On demand: "ear for eye"

debbie tucker green's follow-up to her underseen feature debut Second Coming returns the playwright to her theatrical roots. An adaptation of her own 2018 play, ear for eye pokes around inside the post-Eric Garner moment on a soundstage occupied by a predominantly Black ensemble. The structure is tripartite. In the first, we eavesdrop on conversations tucker green's representative characters have with their family, peers and themselves on the subject of how to present to the world - chiefly a matter of going out with enough confidence to get you through the day, but not so much as to appear cocky or confrontational to those who would take you down. The second part is a Neil LaBute-ish dialogue between a Black student and an arrogant white professor in the wake of a high-school shooting; the third - adding an element of documentary - invites non-actors to read out those laws by which American states discriminated against its Black citizens. (There follows a mysterious coda, which will depend heavily on personal experience and interpretation.) It's exactly the kind of project the BFI has been backing since the 1970s (and we might see it as more than a little damning of society that the BFI still needs to back a project such as this, a half-century on): a small, self-contained unit of resistance to the abiding cultural and political status quo, relatively cheap to produce but abundantly rich in ideas.

tucker green's spare staging - people in a darkened space repurposed by the odd prop and the occasional lighting switch - keeps the focus firmly on those ideas, and especially on the words via which they're expressed. "We still having to have the damn Talk," one character laments early on - a reference both to the set of survival tips one generation passes down to the next, and the wider conversations around race that often appear circular, stuck like a back wheel in mud; that never seem to get us to the higher ground. This is the tucker green work that seems most caught up with language as a means of self-expression in a society where some parties get to express themselves more freely than others. The opening section - which occupies over half the running time, and proves pretty relentless in its talk, as if the playwright were making up for lost time, bringing us up to speed on two thousand years of race relations - forms an attempt to define not just the terms by which Black citizens enter into society, but the terms of the drama itself. The "ear" part of that title is fully covered. tucker green extends her frame of reference to include characters who communicate using sign language; she also proves one of the very few working playwrights who know how to write about social media - today's most prominent discussion forum - without making the toes curl. (Her kids talk as kids do when you hear them at the bus stop.)
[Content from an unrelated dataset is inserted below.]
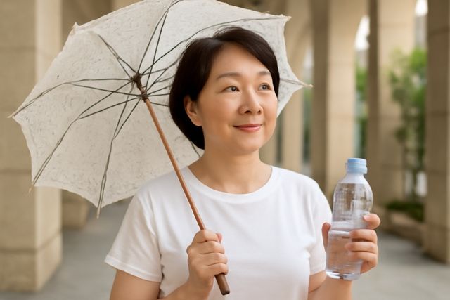 더불어 외출 시에는 창이 넓은 모자와 더불어 바람이 잘 통하는 가벼운 옷차림이 권장된다. 햇빛을 반사할 수 있는 밝은색 계열의 옷을 입는 것이 좋으며 양산과 물병을 휴대하여 수시로 사용하는 것이 도움된다.

The second and third sections, by marked contrast, are case studies, honing in on moments where the possibility of lasting, positive change - not least a fairer conversation - was snuffed out, where the dialogue ran straight into a brick wall. In the second, nervy formalities (such as the student's use of "sir") give way to something more informal; a facade drops - literally, in the instance of one effective coup de théâtre - and the student is left speechless. In the third, which makes exemplary use of split screen, there is no Black voice at all: we're carried back to a time when those facades, those separators and segregators, were first set in place, written into the very laws of the land. (And it's not just a handful of laws, either: the sequence occupies a full ten minutes of screen time.) As described, it may sound piecemeal, and it is - but that's tucker green's way of breaking down these issues, and of making every last one of her full stops count. You want these conversations to end on a happier note than they do; when they don't, you realise the extent to which the playwright has weaponised silence. In places, you may even gasp, much as you take a breath before starting a sentence; and indeed the whole ear for eye project, if it can be reduced to a single sentence, conveys something along the exasperated lines of "here, I'm done: now it's your turn to talk". That may alienate some who feel they don't know what or don't have anything to say, even after all these atrocities, all this time. Yet in the UK, at least, the film became a cultural event on a par with the launch of Derek Jarman's Blue thirty years before, simultaneously launching at the London Film Festival, in arthouses across the land, and in a prime Saturday night slot on BBC2. Somebody out there was listening, and maybe that's cause for slim hope. Bristling and provocative, forever setting the ball bearings in one's head to clicking anew, it's certainly something to talk about; for all its theatricality, it is finally cinema.

ear for eye is currently streaming via the BBC iPlayer.